**** MATERIAL PROVIDED

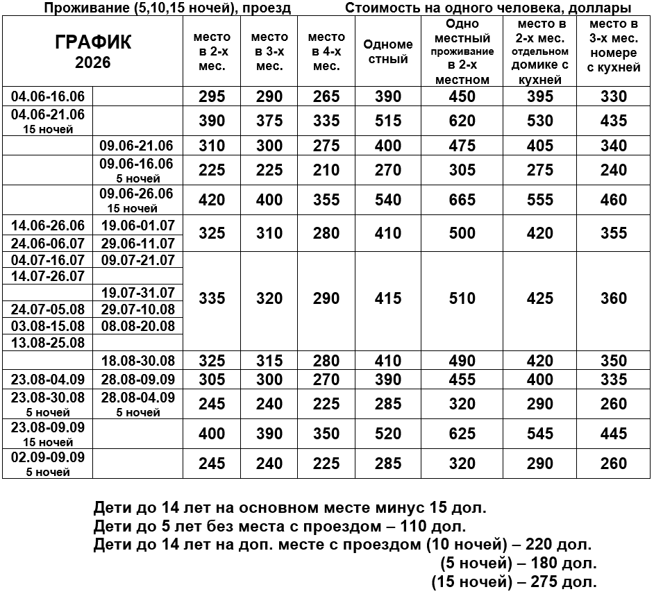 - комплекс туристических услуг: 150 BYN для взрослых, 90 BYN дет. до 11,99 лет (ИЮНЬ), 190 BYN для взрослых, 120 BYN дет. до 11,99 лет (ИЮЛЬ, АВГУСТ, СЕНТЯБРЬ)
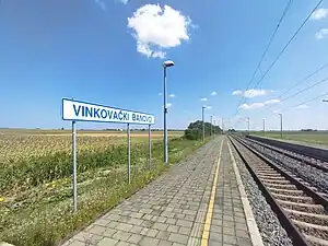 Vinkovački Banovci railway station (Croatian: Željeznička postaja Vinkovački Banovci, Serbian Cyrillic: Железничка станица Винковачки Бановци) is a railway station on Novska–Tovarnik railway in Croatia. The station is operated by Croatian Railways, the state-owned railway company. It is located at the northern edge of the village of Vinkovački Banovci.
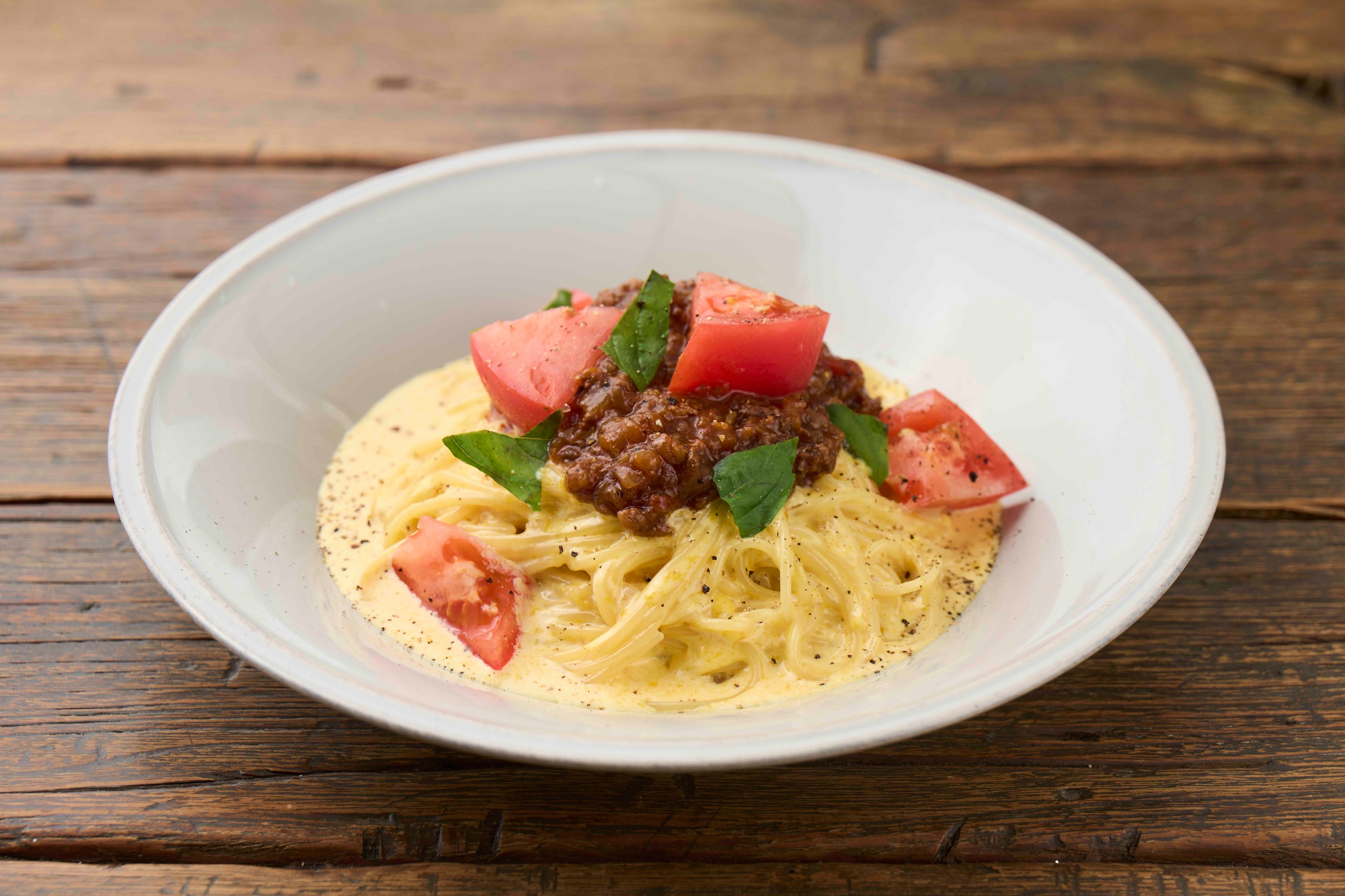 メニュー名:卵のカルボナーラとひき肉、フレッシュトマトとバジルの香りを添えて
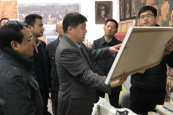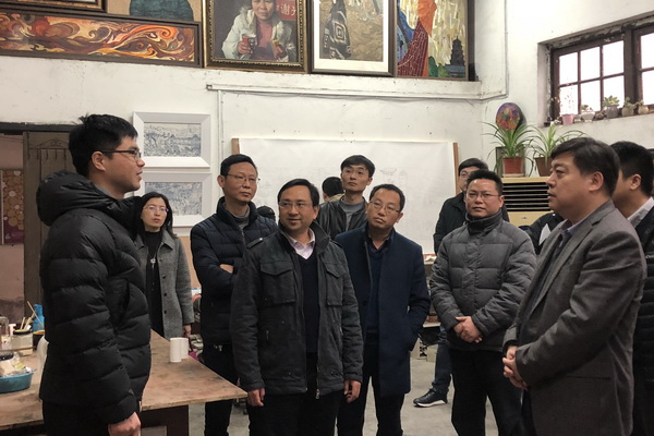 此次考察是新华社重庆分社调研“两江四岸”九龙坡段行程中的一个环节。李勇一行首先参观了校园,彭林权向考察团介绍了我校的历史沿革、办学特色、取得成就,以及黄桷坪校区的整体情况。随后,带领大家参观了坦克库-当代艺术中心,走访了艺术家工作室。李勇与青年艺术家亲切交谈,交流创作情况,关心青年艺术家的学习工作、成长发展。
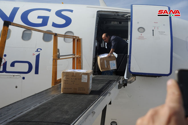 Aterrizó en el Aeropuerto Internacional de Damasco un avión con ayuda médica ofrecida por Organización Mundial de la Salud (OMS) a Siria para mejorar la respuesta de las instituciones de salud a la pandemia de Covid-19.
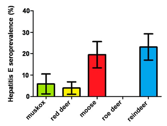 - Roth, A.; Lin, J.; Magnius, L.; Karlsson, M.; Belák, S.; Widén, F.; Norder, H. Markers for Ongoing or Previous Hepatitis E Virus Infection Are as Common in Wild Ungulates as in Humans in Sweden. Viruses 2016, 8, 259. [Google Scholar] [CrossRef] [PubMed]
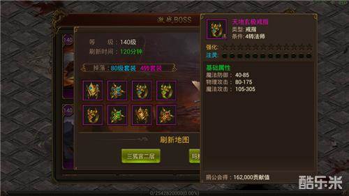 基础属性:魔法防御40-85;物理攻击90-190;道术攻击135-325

********

All that is needed is an exact copy of the entries above, minus the pictures.

■ ANSWER BOX ■
 - комплекс туристических услуг: 150 BYN для взрослых, 90 BYN дет. до 11,99 лет (ИЮНЬ), 190 BYN для взрослых, 120 BYN дет. до 11,99 лет (ИЮЛЬ, АВГУСТ, СЕНТЯБРЬ)
 Vinkovački Banovci railway station (Croatian: Željeznička postaja Vinkovački Banovci, Serbian Cyrillic: Железничка станица Винковачки Бановци) is a railway station on Novska–Tovarnik railway in Croatia. The station is operated by Croatian Railways, the state-owned railway company. It is located at the northern edge of the village of Vinkovački Banovci.
 メニュー名:卵のカルボナーラとひき肉、フレッシュトマトとバジルの香りを添えて
 此次考察是新华社重庆分社调研“两江四岸”九龙坡段行程中的一个环节。李勇一行首先参观了校园,彭林权向考察团介绍了我校的历史沿革、办学特色、取得成就,以及黄桷坪校区的整体情况。随后,带领大家参观了坦克库-当代艺术中心,走访了艺术家工作室。李勇与青年艺术家亲切交谈,交流创作情况,关心青年艺术家的学习工作、成长发展。
 Aterrizó en el Aeropuerto Internacional de Damasco un avión con ayuda médica ofrecida por Organización Mundial de la Salud (OMS) a Siria para mejorar la respuesta de las instituciones de salud a la pandemia de Covid-19.
 - Roth, A.; Lin, J.; Magnius, L.; Karlsson, M.; Belák, S.; Widén, F.; Norder, H. Markers for Ongoing or Previous Hepatitis E Virus Infection Are as Common in Wild Ungulates as in Humans in Sweden. Viruses 2016, 8, 259. [Google Scholar] [CrossRef] [PubMed]
 基础属性:魔法防御40-85;物理攻击90-190;道术攻击135-325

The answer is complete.